## What the exercise asks:
Reproduce only this stretch of the listing below: from the line with "Exposició De mitgeres" through the line with "Les enfants peuvent", exactly as written, with pictures excluded.
── Dataset excerpts ──
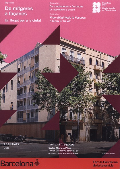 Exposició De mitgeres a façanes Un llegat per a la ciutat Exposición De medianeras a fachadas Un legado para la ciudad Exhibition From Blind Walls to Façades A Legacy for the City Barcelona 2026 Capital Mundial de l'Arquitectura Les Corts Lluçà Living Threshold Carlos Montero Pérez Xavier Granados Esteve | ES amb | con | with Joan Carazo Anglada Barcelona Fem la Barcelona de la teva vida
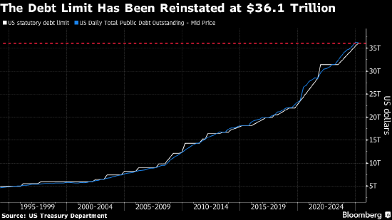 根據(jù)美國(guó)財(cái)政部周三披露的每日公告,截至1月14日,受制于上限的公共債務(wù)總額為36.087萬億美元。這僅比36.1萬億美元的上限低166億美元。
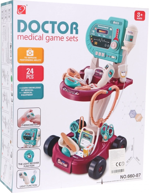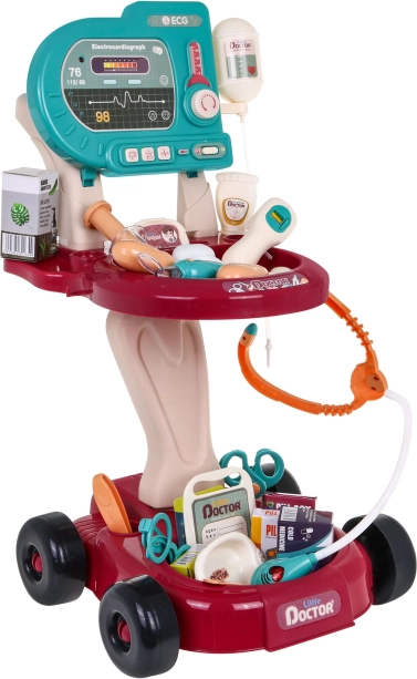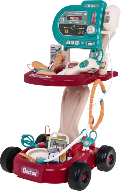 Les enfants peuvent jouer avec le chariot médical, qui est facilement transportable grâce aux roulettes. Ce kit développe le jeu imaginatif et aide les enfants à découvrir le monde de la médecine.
───
── Dataset excerpts ──
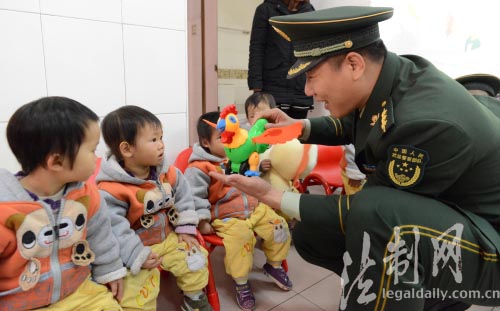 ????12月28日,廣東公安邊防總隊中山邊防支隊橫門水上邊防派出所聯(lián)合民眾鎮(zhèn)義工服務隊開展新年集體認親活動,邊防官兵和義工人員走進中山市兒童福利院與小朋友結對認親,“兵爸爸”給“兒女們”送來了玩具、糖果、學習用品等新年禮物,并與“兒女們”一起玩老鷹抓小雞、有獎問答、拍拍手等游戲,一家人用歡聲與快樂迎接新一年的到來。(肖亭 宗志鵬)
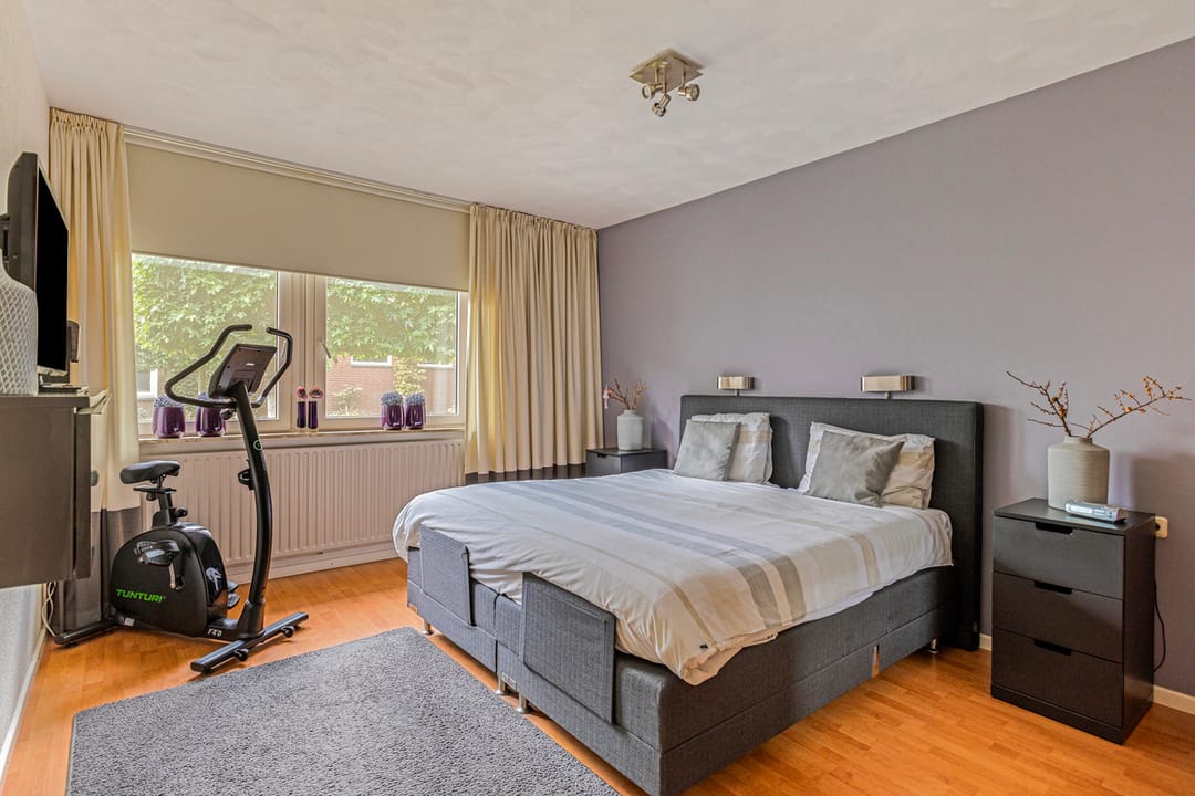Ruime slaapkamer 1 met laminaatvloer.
───
── Dataset excerpts ──
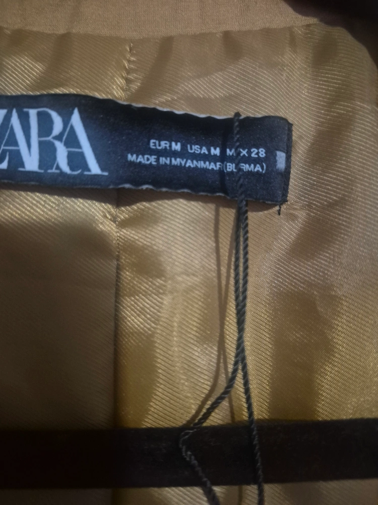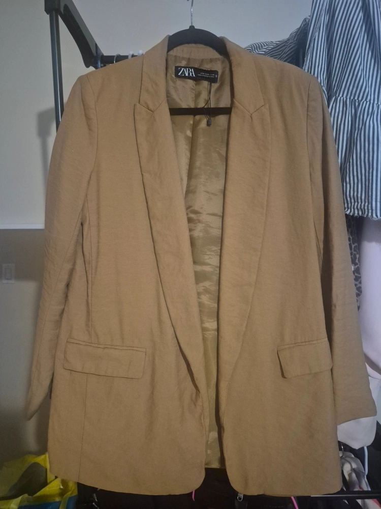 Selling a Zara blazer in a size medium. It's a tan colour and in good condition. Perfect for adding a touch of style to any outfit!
───
## Result:
 Exposició De mitgeres a façanes Un llegat per a la ciutat Exposición De medianeras a fachadas Un legado para la ciudad Exhibition From Blind Walls to Façades A Legacy for the City Barcelona 2026 Capital Mundial de l'Arquitectura Les Corts Lluçà Living Threshold Carlos Montero Pérez Xavier Granados Esteve | ES amb | con | with Joan Carazo Anglada Barcelona Fem la Barcelona de la teva vida
 根據(jù)美國(guó)財(cái)政部周三披露的每日公告,截至1月14日,受制于上限的公共債務(wù)總額為36.087萬億美元。這僅比36.1萬億美元的上限低166億美元。
 Les enfants peuvent jouer avec le chariot médical, qui est facilement transportable grâce aux roulettes. Ce kit développe le jeu imaginatif et aide les enfants à découvrir le monde de la médecine.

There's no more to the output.